How search works (hybrid keyword + semantic)

Type natural language, quoted phrases, or "-word" exclusions. Kodori combines exact-term matching with concept matching.

Updated 2026-04-30

/search is the fastest way to find a document. Kodori runs two retrieval paths in parallel and fuses the results:

- keyword (Postgres FTS) — exact-term and quoted-phrase matching, matches over names, metadata, and extracted text. Supports "phrase queries", -exclusion, and OR keyword. - semantic (vector embeddings) — concept matching. "agreements about confidentiality" surfaces an NDA even if the word "NDA" doesn't appear.

Results are combined via Reciprocal Rank Fusion. Each hit shows a "source" badge — keyword / semantic / both — so you can see why a result surfaced.

Filters above the result list narrow by sensitivity (public → regulated) or MIME family (PDF / image / Office / text / email). Narrowing applies to the fused list, so you don't lose semantic-only matches by filtering. The sensitivity filter is index-backed at scale (D285) — selecting confidential / restricted / regulated narrows to a partial GIN index that's roughly 1/10th the size of the full FTS index for the typical sensitivity distribution, making compliance queries ~10× faster at 100M-doc-tenant scale. The keyword leg of hybrid uses the partial directly; the semantic leg post-filters using metadata that the hybrid layer already loads.

If your workspace has more than 1M live documents and you run an unfiltered text-only query, /search surfaces a non-blocking inline tip (D286) suggesting that adding a sensitivity or MIME filter will return faster, more relevant results. The query still runs unfiltered — the tip is a suggestion, not a block. Operators sometimes legitimately need to scan everything (auditor evidence packets, retention sweeps); the tip respects that.

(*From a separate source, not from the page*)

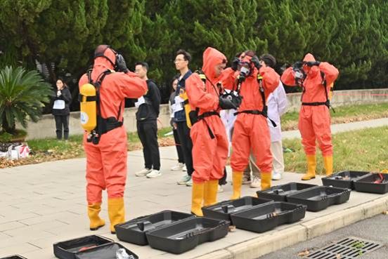 为提高学院科研装置安全和处置突发事件的应急能力,最大程度地管理好装置的安全、环保、文明生产、预防和减少爆炸、化学危险品泄漏员室息及其造成损害、保障同学生命安全,维护实验室稳定和可持续发展,10月19日在学院西门开展液氨泄漏事故应急演练。学院副院长邓勇,院研究生会安全权益部成员常一龙、王晨、占研、蔡景润、陈雨帆和10名番号鸽 同学参加演练。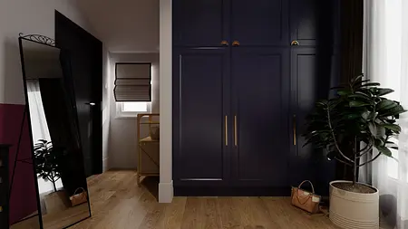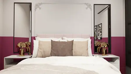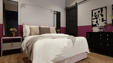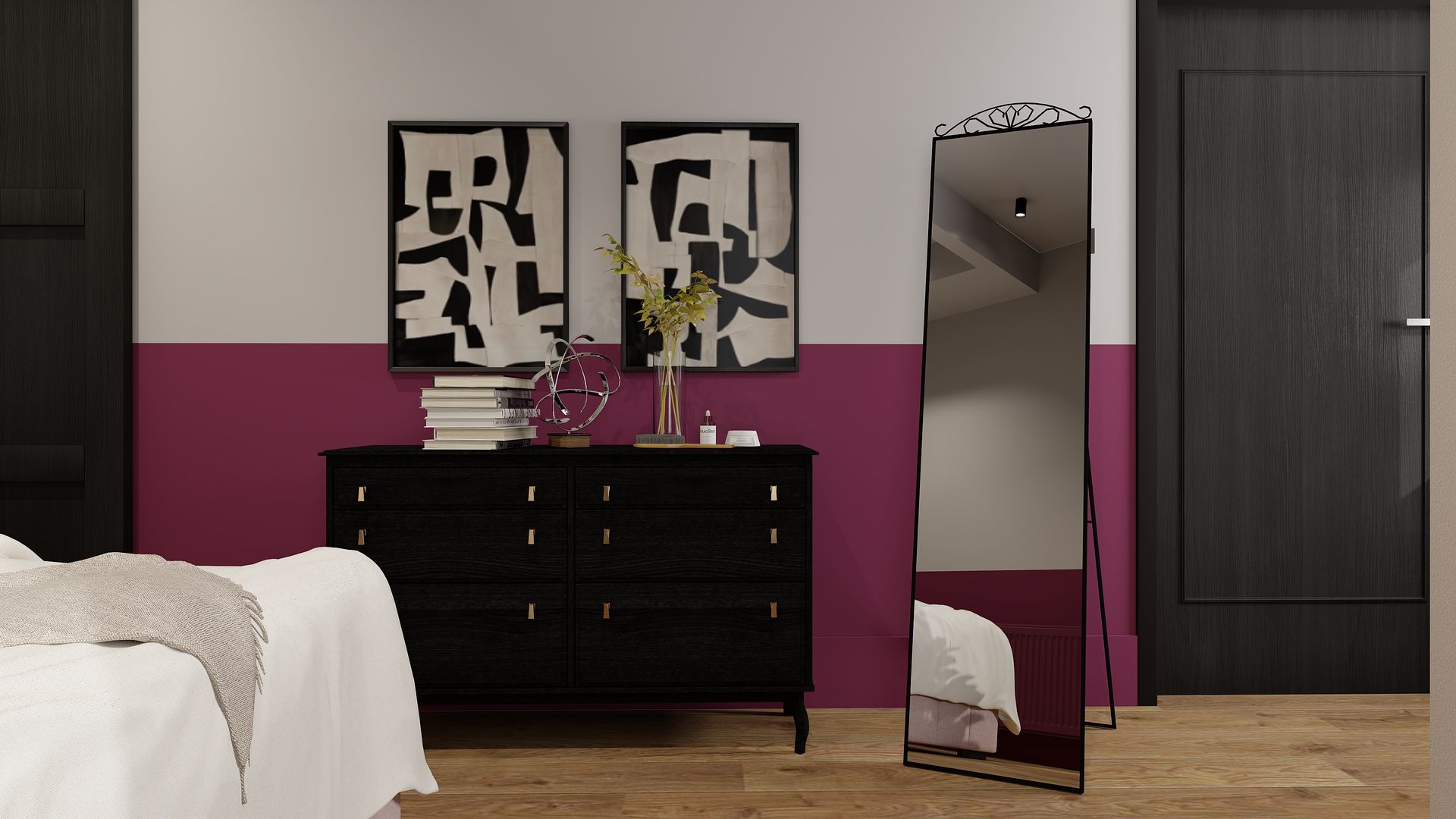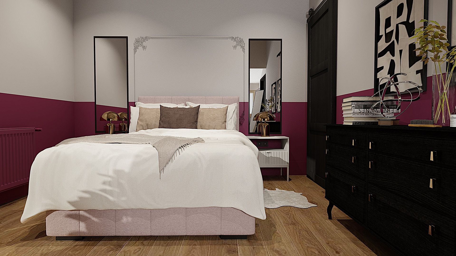 Eklektyczna sypialnia stworzona z myślą o sesjach na social media – połączenie różnych kolorów i stylów nadaje przestrzeni charakteru i przytulności. Mocne akcenty kolorystyczne w połączeniu z subtelnymi neutralnymi elementami tworzą harmonijną, ale efektowną przestrzeń, idealną do relaksu i kreatywnej ekspresji.

Workspace owners and admins can see the actual P95 search latency for their tenant on /admin/queue-depth (D290) — sampled per query kind (searchKeyword / hybridSearch / semanticSearch) over the last 7 days, with amber / red banding when latency drifts above 500ms / 2000ms. Sustained red P95 means search is over the comfort zone for the tenant's volume — narrowing queries with sensitivity / MIME filters (D285) is the first lever; tier upgrade is the second.

**Recency-narrowed semantic search (D291).** When a search call sets the optional `recencyWindowDays` parameter, semanticSearch + hybridSearch narrow the chunk lookup to embeddings created within the last N days — Postgres picks a partial HNSW index (`document_chunks_embedding_recent_idx`) that's dramatically smaller than the global index. Most matter / project / "what changed?" queries land in the trailing year of activity; recency narrowing keeps those queries sub-second at 100M-doc-tenant scale. Full-history retrieval still works without the filter — auditor evidence packets and FRCP discovery use the unfiltered path.

Save a query and its filters as a personal "saved search" by clicking "Save this search". Saved entries reappear as one-click chips at the top of /search.

**CSV export.** Whenever a query is active, the "Export CSV ↓" button next to "Save this search" streams the matching docs as RFC 4180 CSV (up to 1000 rows). Same column shape as the saved-search export: documentId, displayName, mimeType, sensitivityLabel, sizeBytes, currentVersionHash, createdAt, lastModifiedAt. Permission-trimmed (you only see rows you can read). Postgres FTS only — semantic-only matches that don't hit the FTS query don't appear in the export. Active sensitivity + mime-family filters carry through. Useful when the dominant flow is "I just typed this query, give me the rows" — no need to save the search first. For recurring exports against the same criterion, save the search and use the "Export matching docs to CSV ↓" link on /search/alerts (D172) so the audit chain captures the recurring activity.